# Diabla's Pedigree... DDR?



## Catu (Sep 6, 2007)

Finally I received Diabla's pedigree. Since she's my first registered dog I'm like with a new toy with it.

I put her in the PDB, and I also had to put both parents and one grandmother, so the information about them is not so extensive.

http://www.pedigreedatabase.com/gsd/pedigree/559331.html

I've been looking at the pictures most of her ancestors have a DDR look to me, so I'm guessing that a lot of her comes from that lines, idea that has already crossed my mind because of her stocky head. Does anyone know something about these lines? I know this is a wide world and the last generations back are bred in Argentina, but it doesn't harm to ask, it would be interesting to know better.

Where it says "Linebreeding - 5 Generations"... How do I read that? What does it means?


----------



## Chris Wild (Dec 14, 2001)

Primarily western European working lines.

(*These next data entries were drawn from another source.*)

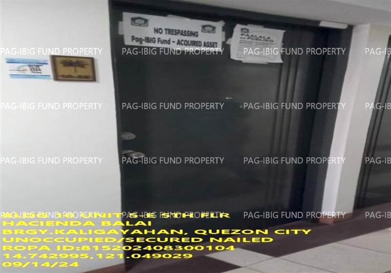 - Property Location (address): Unit 5-E 5TH Flr. 10 HACIENDA BALAI KALIGAYAHAN, QUEZON CITY, NCR, SECOND DISTRICT, 1124
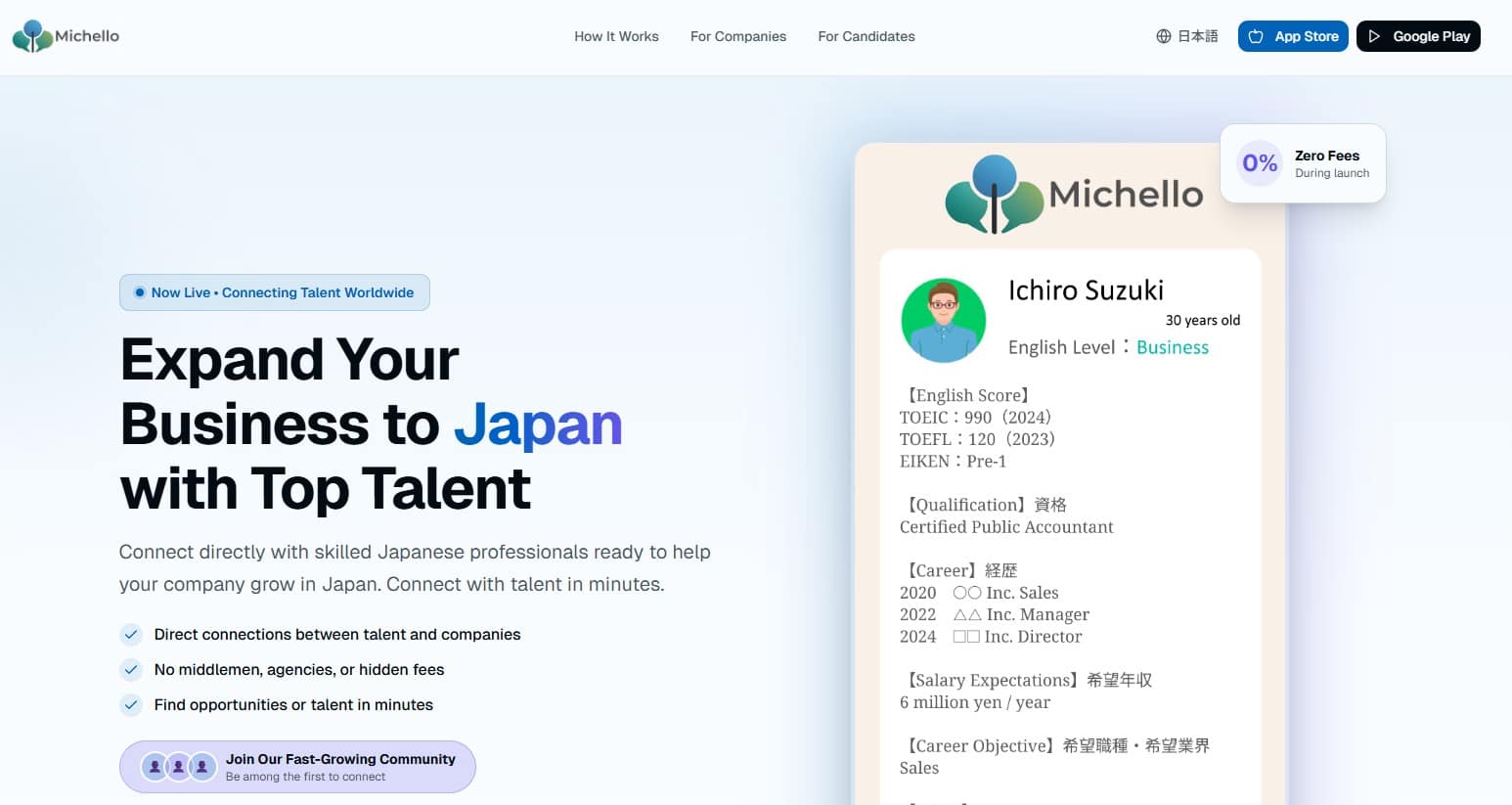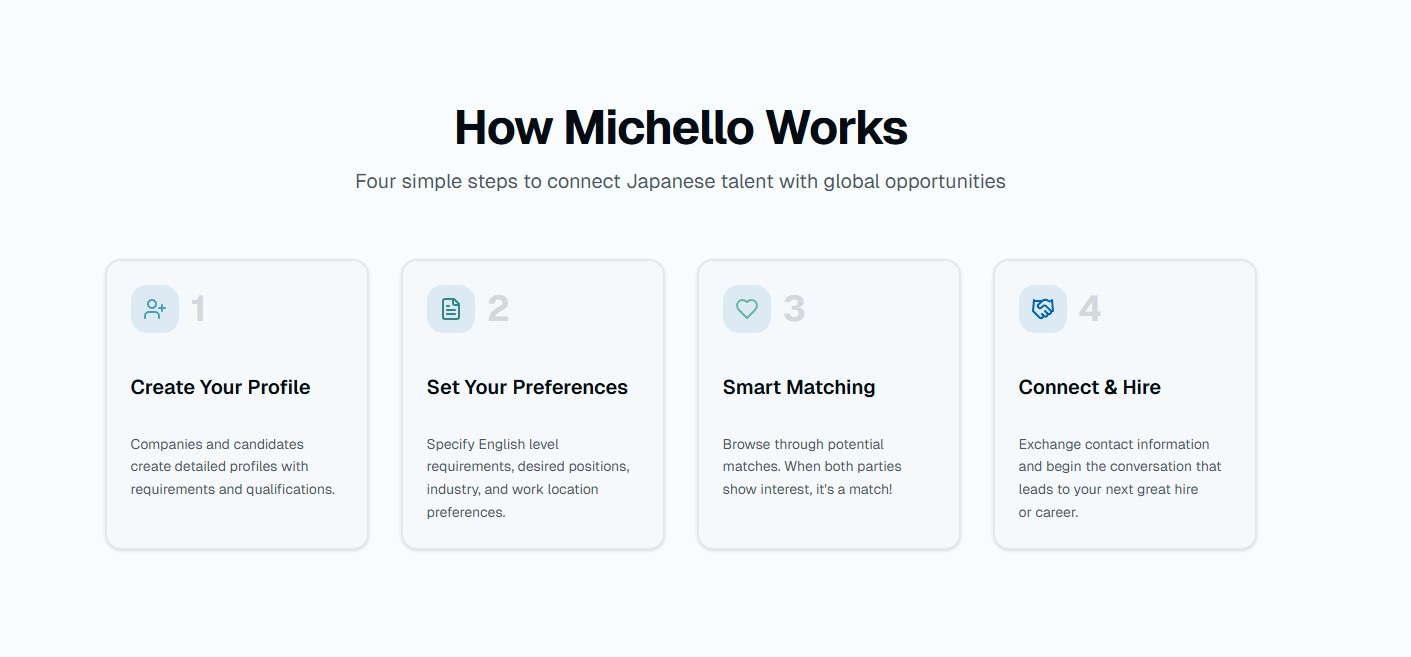 We help you build a strong local team through Michello – our talent matching platform connecting overseas companies with skilled Japanese professionals.
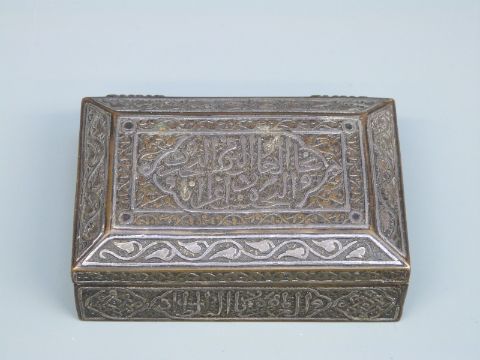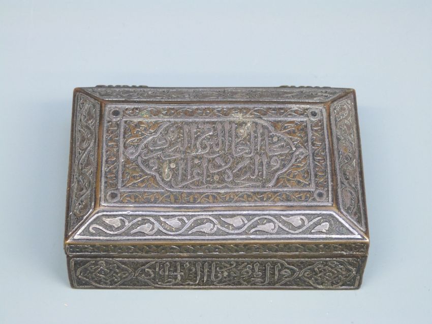 A 19thC white metal and brass hinged prayer box, width 9cm

Their is a bit of DDR several generations back, and one teensy splash of Czech, and a smidgen of German show....but overall she'd be considered western working lines.

One thing to look for as you go back in the pedigree, to determine what line the dog is, is their registration number. SZ=Germany (prior to reunification would mean WEST Germany), DDR = East Germany, CKSP = Czech. This isn't foolproof, as many dogs were imported to other countries, so registered in other countries and PDB only lists one registration. Example is Lord Gleisdreieck, a DDR dog but PDB shows a West German registration. Go back a generation further though, and you'll find all DDR registration numbers in his ancestry.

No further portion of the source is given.